| Given data |
•••••
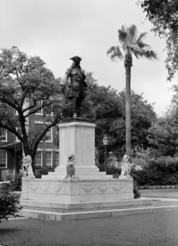 The pedestal for the statue is made of pink-gray marble and was designed in the Italian Renaissance style. The pedestal itself rests on a large square base that has four lion rampants, one on each corner.[16] Each lion is holding a shield that depicts Oglethorpe's personal coat of arms and the seals of the state of Georgia, the colony of Georgia, and the city of Savannah.[1] The base is further decorated with garlands.[16] Part of the original charter granted to Oglethorpe by Parliament is inscribed on the monument,[1] while on the south side of the monument is inscribed the following:[19]
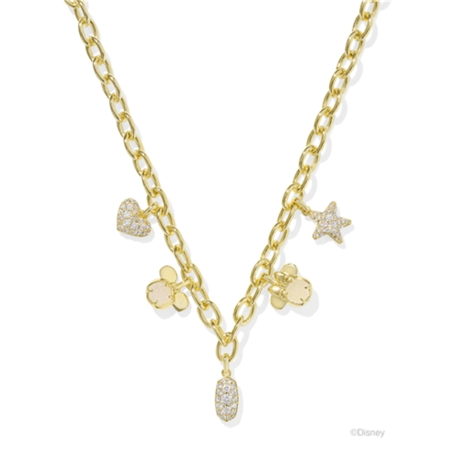 Make your look totally charming with the Disney | Kendra Scott Gold Mickey Mouse and Minnie Mouse Charm Necklace in Iridescent White Mix. This necklace features a mix of charms, including Disney's eternal sweethearts and some of our most iconic Kendra Scott shapes. With its bold chain and top-notch sparkle, this one is a total must-have. Metal: 14k Yellow Gold Over Brass. Size: 17"L, 0.48"W. Includes 3"L Extender.
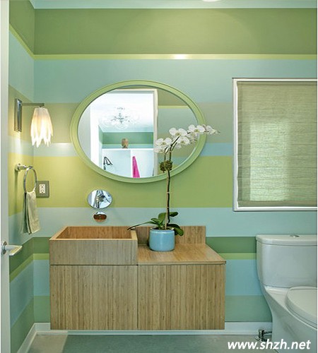 對(duì)于小戶型來說,衛(wèi)生間以簡潔設(shè)計(jì)為主,藍(lán)綠相間的條文背景墻,頗為清新靚麗。木質(zhì)洗浴臺(tái)上擺設(shè)盆栽,春的景象映入眼簾。柔和的燈光照耀,十分溫和舒適。
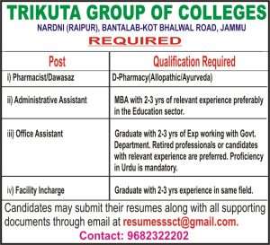 TRIKUTA GROUP OF COLLEGES RECRUITMENT FOR VARIOUS POSTS
•••••
| Problem requirements |
Write out the whole listing verbatim, images excluded.

| Written response |
 The pedestal for the statue is made of pink-gray marble and was designed in the Italian Renaissance style. The pedestal itself rests on a large square base that has four lion rampants, one on each corner.[16] Each lion is holding a shield that depicts Oglethorpe's personal coat of arms and the seals of the state of Georgia, the colony of Georgia, and the city of Savannah.[1] The base is further decorated with garlands.[16] Part of the original charter granted to Oglethorpe by Parliament is inscribed on the monument,[1] while on the south side of the monument is inscribed the following:[19]
 Make your look totally charming with the Disney | Kendra Scott Gold Mickey Mouse and Minnie Mouse Charm Necklace in Iridescent White Mix. This necklace features a mix of charms, including Disney's eternal sweethearts and some of our most iconic Kendra Scott shapes. With its bold chain and top-notch sparkle, this one is a total must-have. Metal: 14k Yellow Gold Over Brass. Size: 17"L, 0.48"W. Includes 3"L Extender.
 對(duì)于小戶型來說,衛(wèi)生間以簡潔設(shè)計(jì)為主,藍(lán)綠相間的條文背景墻,頗為清新靚麗。木質(zhì)洗浴臺(tái)上擺設(shè)盆栽,春的景象映入眼簾。柔和的燈光照耀,十分溫和舒適。
 TRIKUTA GROUP OF COLLEGES RECRUITMENT FOR VARIOUS POSTS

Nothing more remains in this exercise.